The discrimination that Asians face today may be tougher to detect, but it still exists, particularly in areas such as education.
Consider, for instance, the affirmative action lawsuits against Harvard and the University of North Carolina headed for the Supreme Court in the October 2022 term. These lawsuits laid bare a deep anti-Asian bias in academia. For example, admissions officers at Harvard consistently gave Asian applicants a lower personality score than non-Asian applicants, while researchers from Princeton found that Asians needed to score an average of 140 points higher on the SAT to gain admission than students of other races.
Unfortunately, these discriminatory practices aren’t limited just to higher education either. In Virginia, Fairfax County Public Schools is currently embroiled in a federal lawsuit over changes to the admissions policy of a top-performing high school, the Thomas Jefferson High School for Science and Technology. Admissions appear to have been conducted with the express intention of reducing the number of students of Asian descent. Documents obtained through discovery included a text exchange between school board members asserting “an anti asian feel underlying some of this, hate to say it lol” and discussing how the policy changes “will whiten our schools and kick [out] Asians.”
Officials in other K-12 districts have taken similar steps that disproportionately affect Asian students.
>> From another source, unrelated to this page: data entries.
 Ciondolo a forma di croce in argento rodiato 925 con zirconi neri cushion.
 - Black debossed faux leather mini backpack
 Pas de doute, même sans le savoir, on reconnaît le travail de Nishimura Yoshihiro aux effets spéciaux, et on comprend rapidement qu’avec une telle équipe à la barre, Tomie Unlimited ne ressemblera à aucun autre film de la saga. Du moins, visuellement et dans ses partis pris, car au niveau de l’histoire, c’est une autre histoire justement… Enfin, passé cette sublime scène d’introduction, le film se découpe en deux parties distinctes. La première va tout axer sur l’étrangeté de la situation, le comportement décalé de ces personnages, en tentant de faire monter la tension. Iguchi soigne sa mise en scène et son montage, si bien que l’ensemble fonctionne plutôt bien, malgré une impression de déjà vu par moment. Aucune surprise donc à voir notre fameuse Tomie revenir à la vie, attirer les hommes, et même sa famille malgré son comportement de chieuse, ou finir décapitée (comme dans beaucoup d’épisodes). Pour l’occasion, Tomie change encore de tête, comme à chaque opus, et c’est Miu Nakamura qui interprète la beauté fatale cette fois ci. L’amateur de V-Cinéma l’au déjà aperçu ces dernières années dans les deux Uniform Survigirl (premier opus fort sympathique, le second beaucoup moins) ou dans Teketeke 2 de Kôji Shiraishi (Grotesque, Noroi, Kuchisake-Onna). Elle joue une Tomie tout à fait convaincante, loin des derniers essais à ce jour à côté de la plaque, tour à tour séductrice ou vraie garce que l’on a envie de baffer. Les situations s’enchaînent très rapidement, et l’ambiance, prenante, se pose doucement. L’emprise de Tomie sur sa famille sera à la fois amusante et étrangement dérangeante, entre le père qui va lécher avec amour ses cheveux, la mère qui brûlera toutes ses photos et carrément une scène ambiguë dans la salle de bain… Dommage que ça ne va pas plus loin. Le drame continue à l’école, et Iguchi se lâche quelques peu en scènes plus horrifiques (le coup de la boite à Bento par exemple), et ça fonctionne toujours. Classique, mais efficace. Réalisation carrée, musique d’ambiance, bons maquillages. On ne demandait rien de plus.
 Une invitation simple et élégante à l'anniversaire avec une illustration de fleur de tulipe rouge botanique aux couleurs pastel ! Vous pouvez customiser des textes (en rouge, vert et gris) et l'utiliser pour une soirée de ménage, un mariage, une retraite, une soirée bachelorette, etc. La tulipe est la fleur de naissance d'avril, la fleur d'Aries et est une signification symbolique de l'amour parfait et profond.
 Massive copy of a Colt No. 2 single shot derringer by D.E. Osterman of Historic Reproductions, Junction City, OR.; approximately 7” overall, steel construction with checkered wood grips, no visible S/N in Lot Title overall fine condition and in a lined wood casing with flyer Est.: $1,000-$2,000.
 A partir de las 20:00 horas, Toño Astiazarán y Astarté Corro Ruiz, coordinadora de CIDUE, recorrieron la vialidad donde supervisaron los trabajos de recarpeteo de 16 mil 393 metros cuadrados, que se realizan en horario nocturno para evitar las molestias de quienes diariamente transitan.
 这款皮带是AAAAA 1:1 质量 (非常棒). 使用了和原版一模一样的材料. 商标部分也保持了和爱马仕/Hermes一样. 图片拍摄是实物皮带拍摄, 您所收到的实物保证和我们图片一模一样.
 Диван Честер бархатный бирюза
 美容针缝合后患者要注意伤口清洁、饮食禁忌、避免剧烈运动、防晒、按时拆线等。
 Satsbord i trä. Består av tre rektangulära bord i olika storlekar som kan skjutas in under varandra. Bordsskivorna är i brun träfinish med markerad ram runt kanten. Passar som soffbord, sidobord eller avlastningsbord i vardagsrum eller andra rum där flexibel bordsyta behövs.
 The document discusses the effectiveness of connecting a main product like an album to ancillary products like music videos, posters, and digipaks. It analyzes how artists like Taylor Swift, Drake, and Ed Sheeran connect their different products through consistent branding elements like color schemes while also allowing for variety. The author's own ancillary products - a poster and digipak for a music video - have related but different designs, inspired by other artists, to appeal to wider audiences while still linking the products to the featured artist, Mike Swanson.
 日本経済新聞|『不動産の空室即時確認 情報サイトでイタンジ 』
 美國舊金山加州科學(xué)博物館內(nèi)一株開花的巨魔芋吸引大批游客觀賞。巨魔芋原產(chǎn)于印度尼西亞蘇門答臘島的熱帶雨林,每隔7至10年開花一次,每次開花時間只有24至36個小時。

In 2021, New York City Schools Chancellor Meisha Ross-Porter called for the abolition of a standardized entrance exam for the city’s specialized schools, arguing that “the continued use of the Specialized High School Admissions Test will produce the same unacceptable results over and over again.” Given that Asian students comprise 53.7% of those admitted to the specialized schools, it’s not difficult to ascertain what Ross-Porter considered “unacceptable.”
Schools and officials also manipulate student numbers to fit narratives about racism and achievement. A November 2021 presentation by University of Maryland President Darryll Pines separated students into two categories — “students of color, minus Asians” and “white or Asian students.” Similarly, school officials in Washington State separated the data of Asian students from other students of color. Asian students have been told that they “benefit from white supremacy” and “proximity to white privilege,” inconvenient historical facts like internment be damned.
Although these may seem like small transgressions, they reveal a deep hypocrisy among societal elites. They proudly proclaim their desire to “stop AAPI hate,” yet they perpetuate the very injustices they claim to oppose. And the fact that these policies are being used against schoolchildren by government officials, using taxpayer resources, adds insult to the injury.
When these actions are sanctioned by the state, it signals tacit approval to individuals to engage in similarly destructive discrimination.
Eighty years ago, it was wrong for the U.S. government to relocate Japanese and Japanese American citizens forcibly on the basis of race. In 2022, it is wrong for school administrators and officials to treat Asian students differently on the basis of race. America’s students deserve to be treated as individuals based on their own merits — not on immutable characteristics.
Nicole Neily is the president of Parents Defending Education.